■ Work to be completed
For the entries that follow, retype exactly the lines from the one containing "以薄荷健康为例,目前薄荷健康推出了21日的全餐以及7日的冲刺套餐。" to the one containing "手持ちで、肩にかけて、両方を", inclusive, and only those. Images stay out of the copy.

Material shown: Begin

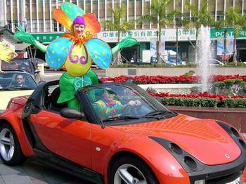 ![]() 不管是車迷還是熱愛花卉園藝的民眾,只要蒞臨位於台中大坑的亞哥花園,參加目的在於推廣花卉種植及台中觀光產業的「花與樹博覽會」,在每日下午三點,由主辦單位特別遠從白俄羅斯邀請來台的美麗舞者所化身的花精靈,與smart車款共同展開花精靈專車遊園活動,身著雙色炫麗外表的roadster與fortwo會陪同花精靈於沿途發送魔力糖果給遊園民眾,並隨時接受遊客合影留念。Roadster與fortwo 時尚炫麗的外觀,讓遊客都驚豔不已,頻頻詢問產品內容及資訊,更為這次的花與樹博覽會,帶來不少驚奇。
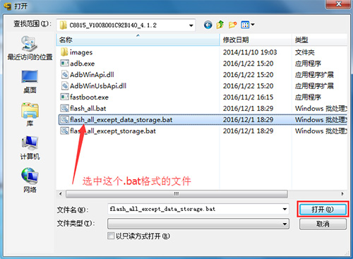 6:然後點擊浏覽按鈕旁邊的小箭頭,選擇高級設置,找到你剛才解壓出來的線刷包的rom文件夾裡的【flash_all_except_data_storage.bat】文件,然後點擊確定。
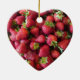Luscious, delicious, summer strawberries! Believe it or not, these fabulous fruits are actually a member of the Rosaceae or ROSE plant family. Unlike the flower, however, they are in the fragaria genus. Botanically, strawberries are not considered berries at all because the seeds are on the outside of the flesh; with each strawberry carrying an impressive (average) 200 seeds. There are lots of myths, legends and stories associated with the strawberry and its origins. One of the most common is that when Adonis died, Venus cried so much her tears fell to earth, turning into small, heart-shaped red berries . . . strawberries. Strawberries are thought to bring love and luck. However, one superstition about these glorious berries, maintains that eating too many strawberries when you are pregnant will result in strawberry birthmarks on the baby. Historically, however, strawberries were used by Native Americans in breads -- something that the settlers adopted that eventually evolved into what we now enjoy as Strawberry Shortcake. This favourite, summertime fruit is beautifully depicted in this photographic print on this gorgeous ornament. A wonderful, if unexpected, addition to your holiday tree, this delightful ornament is also a terrific decoration for gift packages and baskets . . . especially (of course) a basket full of scrumptious, summer strawberries.
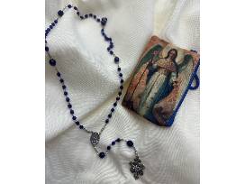 This one-of-a-kind Guardian Angel/St. Michael rosary features carefully selected brilliant blue fire polished beads in MUHS signature color, accented with detailed yet durable handcrafted metalwork and a meaningful crucifix centerpiece. This heirloom quality rosary includes the Miraculous and St. Benedict medals and a beautiful protective pouch. Designed for both prayer and keepsake display, it serves as a daily reminder of faith and the MUHS spirit.
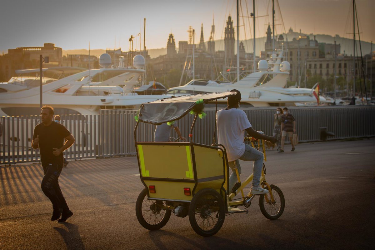 Un hombre monta en una bicicleta-taxi por Barcelona, Catalunya (España), a 28 de julio de 2020. - David Zorrakino - Europa Press
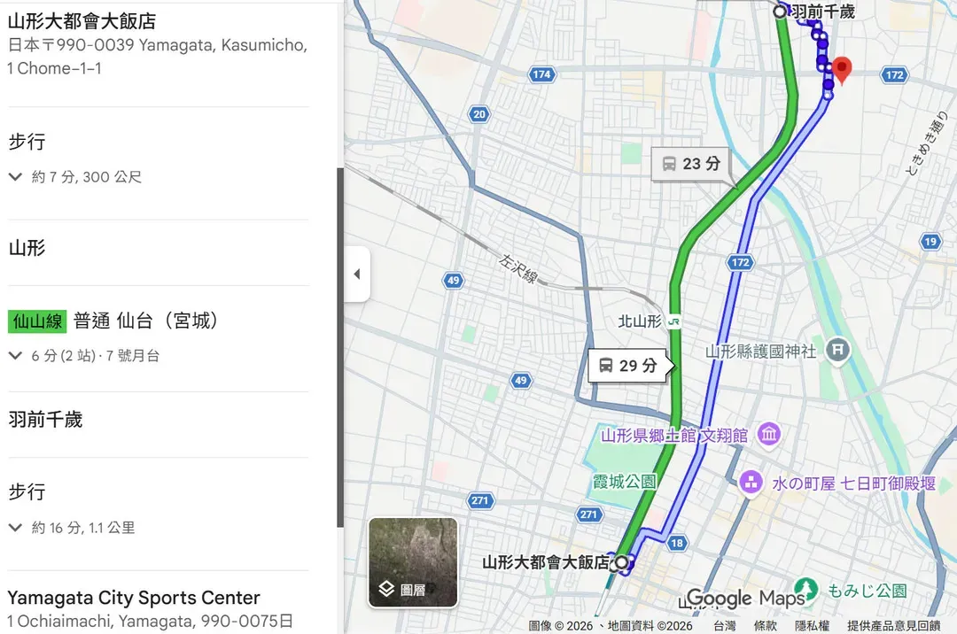 山形大都會飯店-南館(Hotel Metropolitan Yamagata)↔️賽事會場 (山形市綜合運動中心 ( Yamagata City General Sports Center / 山形市総合スポーツセンター ))
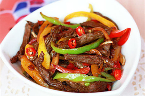 1、将牛肉洗净切成长8厘米、宽4厘米的丝,彩椒洗净各取四分之一切成细丝,姜切成丝,朝天椒切成段;
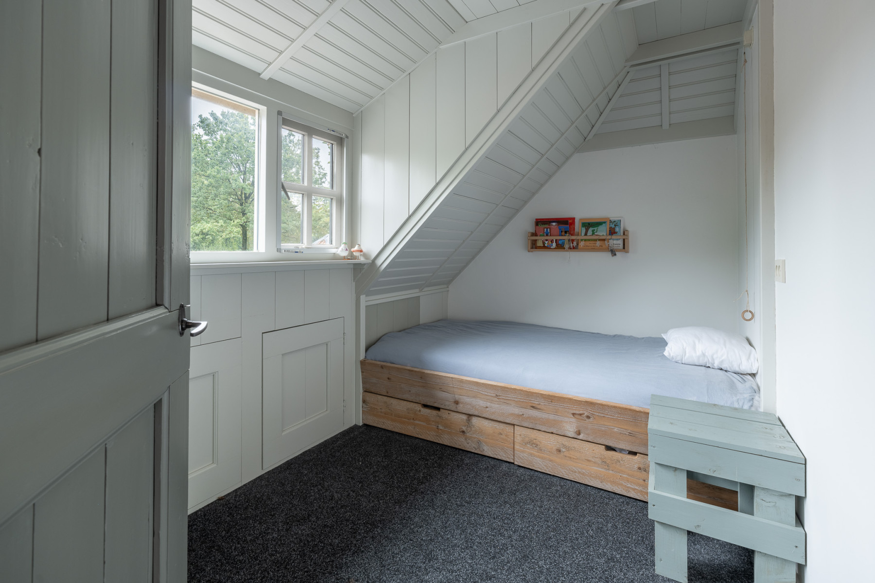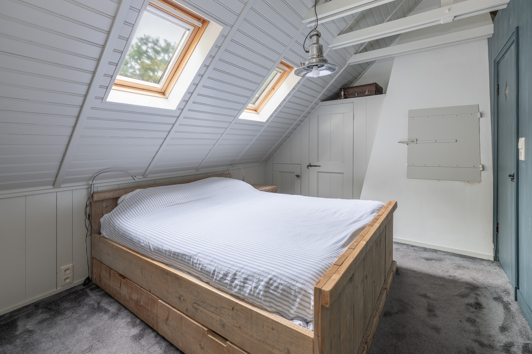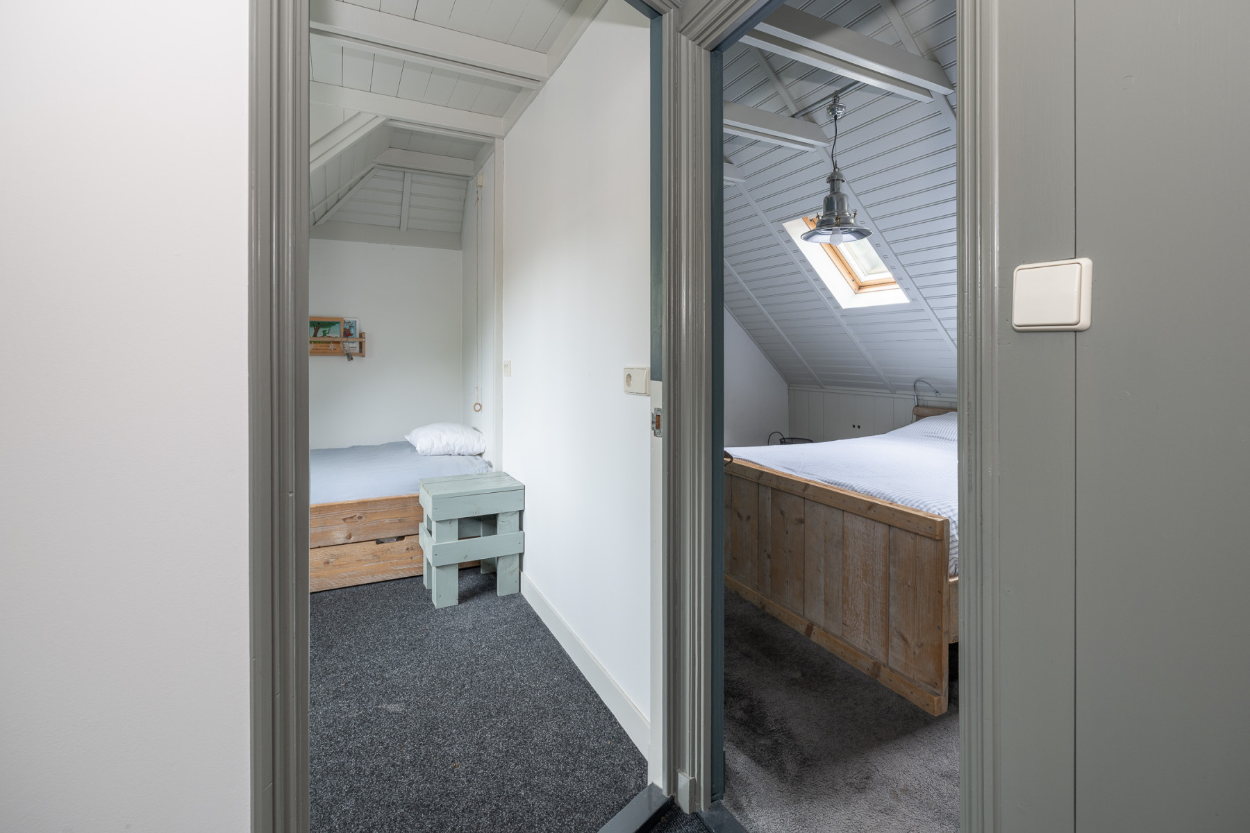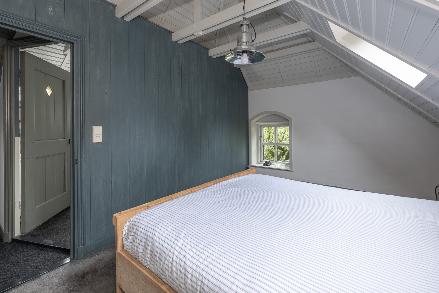 Vanuit de bijkeuken bereiken we tevens een verdieping. De overloop met een vaste kastenwand en een Velux dakraam brengt u bij een royale slaapkamer. De slaapkamer heeft een uitstekende maatvoering en is voorzien van een Velux dakraam en een raam met een handmatig bedienbaar rolluik. Verder krijgt u vanuit de overloop toegang tot het platte dak.
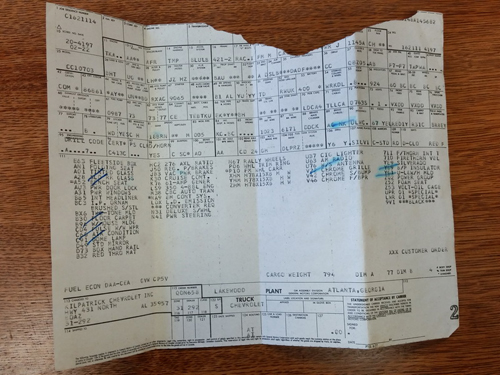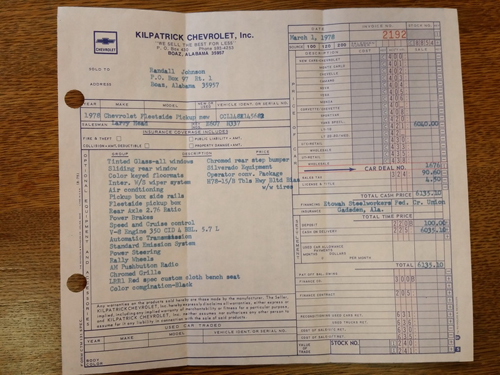 Ordered new in Alabama and from there it went to Texas. Optioned with 350 four barrel V8, automatic, tinted glass, sliding rear window, wiper delay, air conditioning, bed side rails, power brakes, cruise control, power steering, Rally wheels, chrome grille, rear step bumper, cloth interior, power locks, power windows, gauges and Silverado trim. Has original Bill of Sale, owners manual, warranty booklet and factory build sheet.
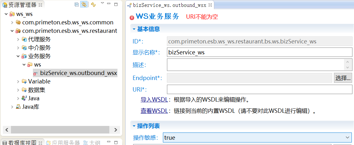 单击“完成”,在打开的“WS业务服务”的编辑界面中,需要选择Endpoint和填写URI信息,如下图所示。
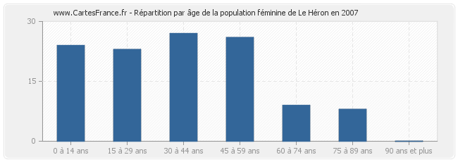 - Femmes de 30 à 44 ans habitant Le Héron : 27
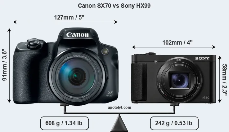 If the front view area (width x height) of the cameras is taken as an aggregate measure of their size, the Sony HX99 is considerably smaller (49 percent) than the Canon SX70. Moreover, the HX99 is substantially lighter (60 percent) than the SX70. In this context, it is worth noting that neither the SX70 nor the HX99 are weather-sealed.
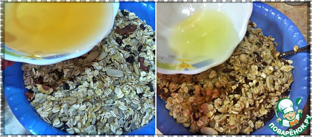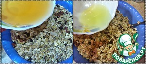 Мед хорошо перемешать с водой и влить в гранолу. Затем влить оливковое масло (можно растительное без запаха) и тщательно перемешать.
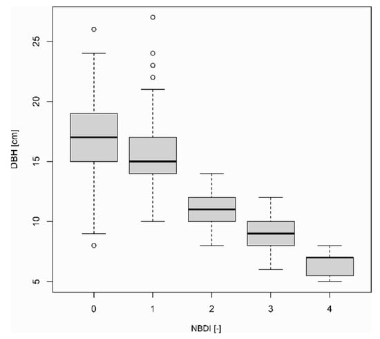 The influence of NBDI on DBH changes was studied. Figure 5 contains boxplots representing DBH distribution for different NBDI. The positions of boxes in the plot suggest a monotonical decrease in DBH along with increasing NBDI.
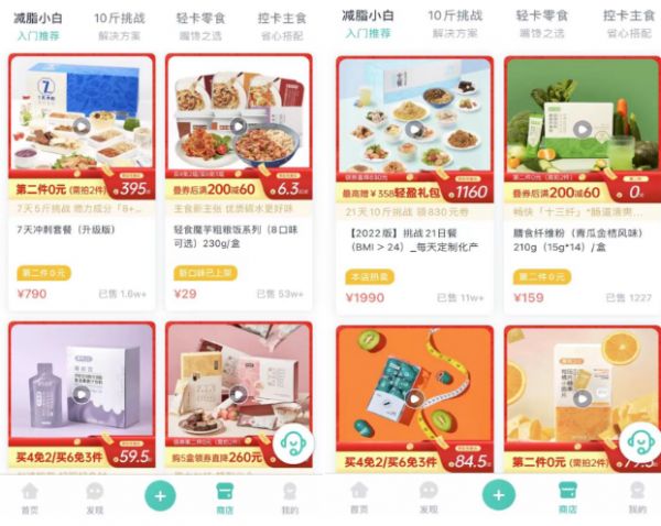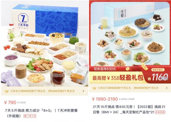 以薄荷健康为例,目前薄荷健康推出了21日的全餐以及7日的冲刺套餐。
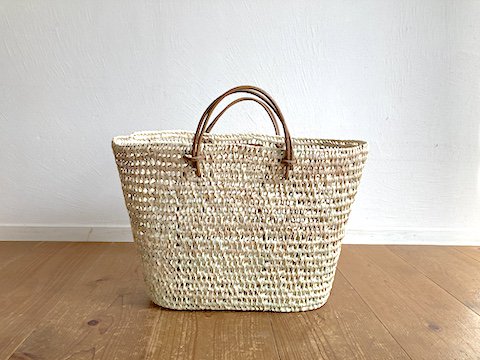 手持ちで、肩にかけて、両方を叶えてくれる2wayの持ち手が施されたバスケットです。毎日のお買い物に、お出かけに。台形の形は長いものも収まり良く。編み目はしっかり美しく、末永くご愛用いただけるかごです。
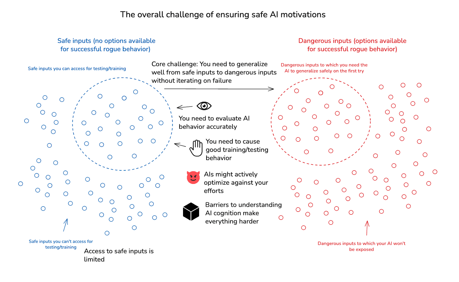 Reviewing the picture I just laid out, then: the central safety challenge of motivation control is to ensure desirable generalization from inputs that are safe to test to inputs that are dangerous to test – despite the inability to iterate on failure. And you need to ensure this despite difficulties evaluating and shaping AI behavior even on safe inputs; despite limitations on the range of such inputs you can access; despite the potential for adversarial dynamics in the AIs you’re working with; and despite difficulties understanding how AI systems work internally.
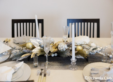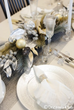 今回はクリスマスレッスンとあって、テーブルにはグレーをテーマカラーにしたシックで華やかなテーブルコーディネートが。思わず心ときめきます。

Material shown: End

■ Response to this exercise
 以薄荷健康为例,目前薄荷健康推出了21日的全餐以及7日的冲刺套餐。
 手持ちで、肩にかけて、両方を叶えてくれる2wayの持ち手が施されたバスケットです。毎日のお買い物に、お出かけに。台形の形は長いものも収まり良く。編み目はしっかり美しく、末永くご愛用いただけるかごです。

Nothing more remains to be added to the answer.